→ **ABOUT THIS EXERCISE**: In the records below, find the line with "BODEN Womens 3/4" and repeat exactly every line from it through the line with "This limited edition". Pictures stay out.

→ **RAW DATA**:
▼

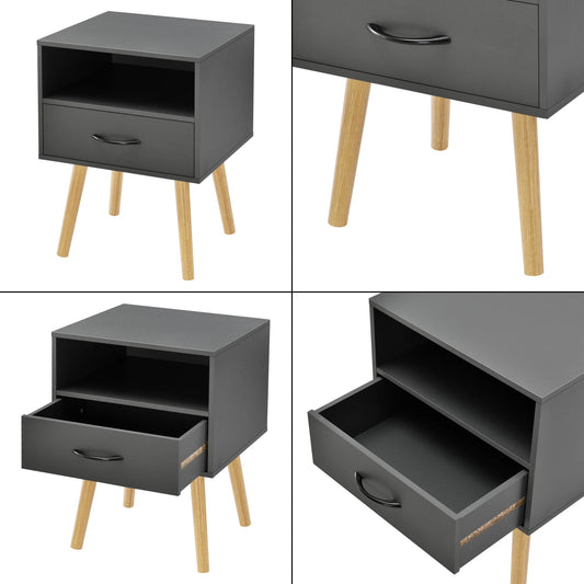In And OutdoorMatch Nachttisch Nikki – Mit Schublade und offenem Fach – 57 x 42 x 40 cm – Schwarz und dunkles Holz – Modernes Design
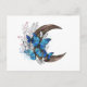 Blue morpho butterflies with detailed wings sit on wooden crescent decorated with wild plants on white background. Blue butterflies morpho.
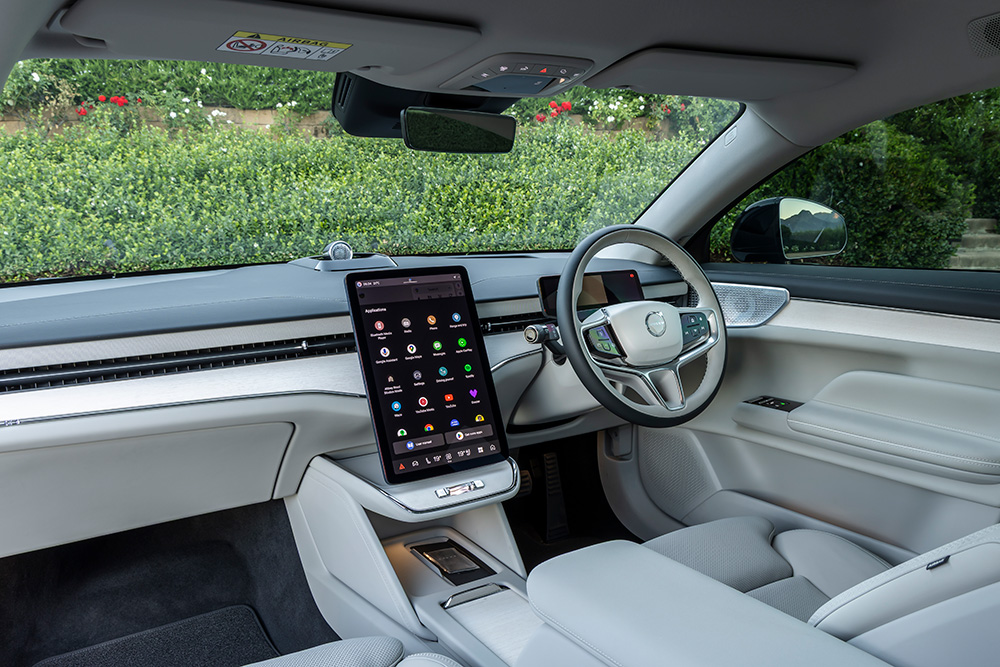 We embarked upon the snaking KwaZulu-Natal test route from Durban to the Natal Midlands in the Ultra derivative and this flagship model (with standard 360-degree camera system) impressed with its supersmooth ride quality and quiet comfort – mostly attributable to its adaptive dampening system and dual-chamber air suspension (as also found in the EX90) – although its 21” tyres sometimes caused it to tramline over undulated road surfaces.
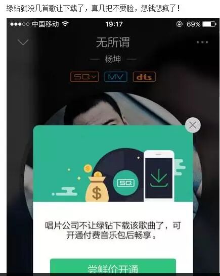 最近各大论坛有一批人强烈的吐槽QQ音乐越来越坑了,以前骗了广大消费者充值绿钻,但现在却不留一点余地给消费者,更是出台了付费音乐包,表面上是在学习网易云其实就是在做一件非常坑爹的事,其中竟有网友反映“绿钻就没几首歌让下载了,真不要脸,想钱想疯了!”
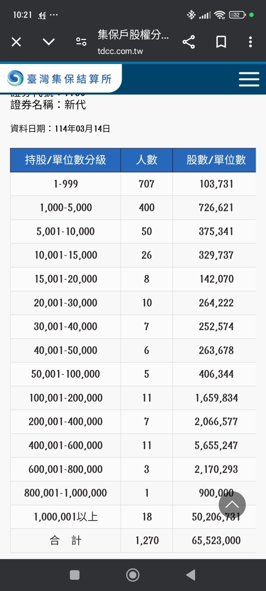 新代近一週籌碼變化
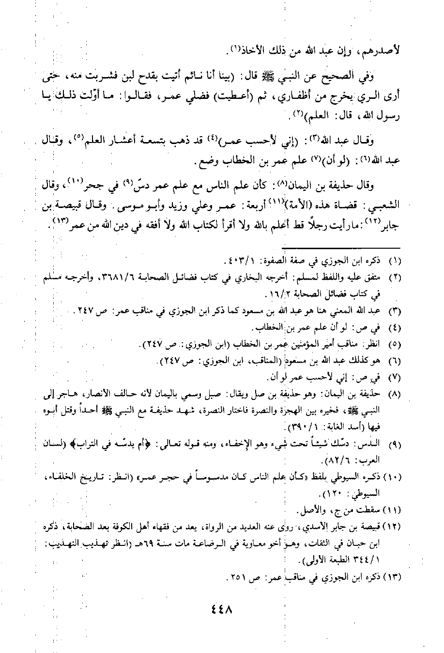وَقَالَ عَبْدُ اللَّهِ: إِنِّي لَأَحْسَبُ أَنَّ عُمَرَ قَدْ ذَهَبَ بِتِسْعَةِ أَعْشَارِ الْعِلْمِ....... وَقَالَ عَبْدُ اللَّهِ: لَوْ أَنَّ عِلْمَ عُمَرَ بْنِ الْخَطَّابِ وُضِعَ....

▲
▼

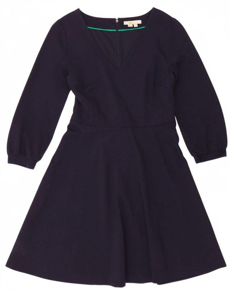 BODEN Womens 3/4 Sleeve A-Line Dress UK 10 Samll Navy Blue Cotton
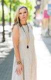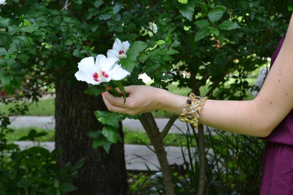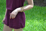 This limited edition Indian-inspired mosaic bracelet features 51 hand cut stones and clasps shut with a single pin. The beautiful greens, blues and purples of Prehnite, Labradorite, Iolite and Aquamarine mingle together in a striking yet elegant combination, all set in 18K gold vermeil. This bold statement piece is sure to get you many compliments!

▲
▼

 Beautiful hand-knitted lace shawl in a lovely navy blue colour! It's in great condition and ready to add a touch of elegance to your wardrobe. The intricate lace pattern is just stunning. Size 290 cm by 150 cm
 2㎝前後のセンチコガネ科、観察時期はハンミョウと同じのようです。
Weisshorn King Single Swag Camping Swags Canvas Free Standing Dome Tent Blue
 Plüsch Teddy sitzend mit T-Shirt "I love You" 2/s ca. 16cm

▲

→ **SOLUTION TO THE EXERCISE**:
 BODEN Womens 3/4 Sleeve A-Line Dress UK 10 Samll Navy Blue Cotton
 This limited edition Indian-inspired mosaic bracelet features 51 hand cut stones and clasps shut with a single pin. The beautiful greens, blues and purples of Prehnite, Labradorite, Iolite and Aquamarine mingle together in a striking yet elegant combination, all set in 18K gold vermeil. This bold statement piece is sure to get you many compliments!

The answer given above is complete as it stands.